→ WORK REQUIRED: Take the line with "Notre épicerie s'est" and all lines after it, through the end of the records below, and repeat them exactly.

Records drawn from a dataset:
☆ ☆ ☆ ☆ ☆

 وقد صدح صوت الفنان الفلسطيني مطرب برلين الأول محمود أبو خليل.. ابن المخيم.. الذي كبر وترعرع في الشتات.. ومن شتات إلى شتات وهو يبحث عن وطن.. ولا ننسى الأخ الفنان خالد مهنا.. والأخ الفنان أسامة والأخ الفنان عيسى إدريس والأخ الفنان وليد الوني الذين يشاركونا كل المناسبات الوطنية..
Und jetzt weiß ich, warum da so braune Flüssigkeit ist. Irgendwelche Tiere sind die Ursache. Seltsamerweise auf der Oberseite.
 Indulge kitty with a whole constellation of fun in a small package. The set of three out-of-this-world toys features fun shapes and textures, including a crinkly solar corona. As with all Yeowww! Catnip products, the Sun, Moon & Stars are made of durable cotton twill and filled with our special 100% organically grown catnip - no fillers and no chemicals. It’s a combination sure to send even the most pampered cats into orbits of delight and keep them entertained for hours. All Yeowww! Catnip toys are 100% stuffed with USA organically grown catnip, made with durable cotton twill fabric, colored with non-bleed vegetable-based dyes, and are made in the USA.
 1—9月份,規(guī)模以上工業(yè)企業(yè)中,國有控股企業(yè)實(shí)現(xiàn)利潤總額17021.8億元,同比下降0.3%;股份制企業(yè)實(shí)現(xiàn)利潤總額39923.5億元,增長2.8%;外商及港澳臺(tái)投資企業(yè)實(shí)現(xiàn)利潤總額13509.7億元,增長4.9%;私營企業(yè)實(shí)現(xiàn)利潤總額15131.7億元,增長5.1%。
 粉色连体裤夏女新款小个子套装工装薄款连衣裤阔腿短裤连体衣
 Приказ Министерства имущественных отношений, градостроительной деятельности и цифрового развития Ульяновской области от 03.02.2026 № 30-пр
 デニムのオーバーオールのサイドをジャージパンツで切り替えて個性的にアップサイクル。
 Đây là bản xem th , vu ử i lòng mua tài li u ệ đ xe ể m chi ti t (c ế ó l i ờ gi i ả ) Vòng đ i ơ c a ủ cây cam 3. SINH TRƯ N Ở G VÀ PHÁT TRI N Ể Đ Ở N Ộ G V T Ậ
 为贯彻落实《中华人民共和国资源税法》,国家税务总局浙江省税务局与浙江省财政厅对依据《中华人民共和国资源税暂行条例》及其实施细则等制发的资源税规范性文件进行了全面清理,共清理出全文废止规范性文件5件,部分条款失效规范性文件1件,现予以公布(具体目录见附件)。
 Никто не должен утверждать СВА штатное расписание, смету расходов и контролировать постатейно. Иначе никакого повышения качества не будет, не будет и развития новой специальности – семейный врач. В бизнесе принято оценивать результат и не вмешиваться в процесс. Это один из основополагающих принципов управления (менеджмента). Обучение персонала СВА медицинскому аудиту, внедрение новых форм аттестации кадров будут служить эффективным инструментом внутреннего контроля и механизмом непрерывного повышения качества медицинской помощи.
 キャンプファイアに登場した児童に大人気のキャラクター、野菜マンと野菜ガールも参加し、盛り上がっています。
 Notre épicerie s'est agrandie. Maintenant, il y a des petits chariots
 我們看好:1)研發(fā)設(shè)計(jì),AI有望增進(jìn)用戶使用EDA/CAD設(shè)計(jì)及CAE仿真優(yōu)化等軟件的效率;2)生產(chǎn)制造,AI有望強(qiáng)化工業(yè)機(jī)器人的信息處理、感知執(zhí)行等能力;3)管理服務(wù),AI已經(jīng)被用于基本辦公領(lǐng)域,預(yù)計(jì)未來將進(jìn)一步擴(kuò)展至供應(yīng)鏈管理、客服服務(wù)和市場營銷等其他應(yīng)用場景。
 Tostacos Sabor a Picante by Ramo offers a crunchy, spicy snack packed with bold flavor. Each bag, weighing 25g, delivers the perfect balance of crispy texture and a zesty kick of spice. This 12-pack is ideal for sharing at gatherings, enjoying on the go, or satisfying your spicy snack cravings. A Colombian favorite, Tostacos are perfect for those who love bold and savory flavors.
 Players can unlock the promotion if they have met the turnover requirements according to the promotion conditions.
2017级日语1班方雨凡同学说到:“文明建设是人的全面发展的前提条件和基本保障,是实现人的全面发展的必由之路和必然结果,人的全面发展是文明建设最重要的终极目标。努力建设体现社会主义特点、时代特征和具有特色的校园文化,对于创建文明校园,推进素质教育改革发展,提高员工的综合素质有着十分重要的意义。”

☆ ☆ ☆ ☆ ☆

→ SOLUTION:
 Notre épicerie s'est agrandie. Maintenant, il y a des petits chariots
 我們看好:1)研發(fā)設(shè)計(jì),AI有望增進(jìn)用戶使用EDA/CAD設(shè)計(jì)及CAE仿真優(yōu)化等軟件的效率;2)生產(chǎn)制造,AI有望強(qiáng)化工業(yè)機(jī)器人的信息處理、感知執(zhí)行等能力;3)管理服務(wù),AI已經(jīng)被用于基本辦公領(lǐng)域,預(yù)計(jì)未來將進(jìn)一步擴(kuò)展至供應(yīng)鏈管理、客服服務(wù)和市場營銷等其他應(yīng)用場景。
 Tostacos Sabor a Picante by Ramo offers a crunchy, spicy snack packed with bold flavor. Each bag, weighing 25g, delivers the perfect balance of crispy texture and a zesty kick of spice. This 12-pack is ideal for sharing at gatherings, enjoying on the go, or satisfying your spicy snack cravings. A Colombian favorite, Tostacos are perfect for those who love bold and savory flavors.
 Players can unlock the promotion if they have met the turnover requirements according to the promotion conditions.
2017级日语1班方雨凡同学说到:“文明建设是人的全面发展的前提条件和基本保障,是实现人的全面发展的必由之路和必然结果,人的全面发展是文明建设最重要的终极目标。努力建设体现社会主义特点、时代特征和具有特色的校园文化,对于创建文明校园,推进素质教育改革发展,提高员工的综合素质有着十分重要的意义。”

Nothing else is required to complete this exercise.